Custom dedupers are defined as Python functions. There are strict requirements to the shape of your function — it must assume no knowledge of your DataFrame, and instead operate on a generic, unlabelled "array", where the "array" must be iterable and and an abstraction of a column in your dataset. Let's look at an example.

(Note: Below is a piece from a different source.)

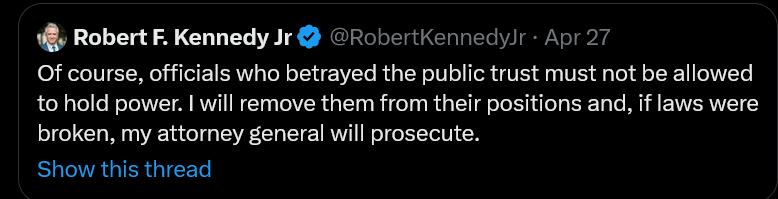 I understand the feeling, but if Kennedy said that now, he wouldn’t ever be listened to again. Already they are ramping up to savagely personally attack him, on everything from his voice to the color of his tie, to why did his 2nd wife take her own life? In addition, behind the scenes, his Children’s Health Defense is constantly taking legal action on many fronts, and working to educate the public. He has also given jobs to people like Michael Kane, NYC teacher of many year’s service, who lost his job over refusing the jab. Michael is doing a lot in NY state, working for teachers, firefighters, etc. CHD has expanded to Europe - CAF has been involved w them there - & I think recently the UK.
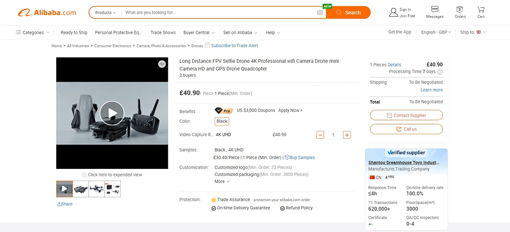 You can also use Alibaba’s Trade Assurance escrow service for additional protection. Alibaba will keep your money secure until you confirm delivery and are happy with the order.

Although Liken provides a str_len predicate deduper, we'll define our own, similar, implementation: str_same_len. str_same_len will be defined deduplicate records that have a minimum length as well as equality of lengths between any two given records:

def str_same_len(array, *, min_len: int):
    n = len(array)
    for i in range(n):
        for j in range(i + 1, n):
            if len(array[i]) == len(array[j]) and len(array[i]) > min_len:
                yield i, j

Notice how the function has been written in such a way that it assumes no knowledge of an underlying DataFrame implementation. Instead, array is treated as generically representing an iterable collection of a DataFrame column.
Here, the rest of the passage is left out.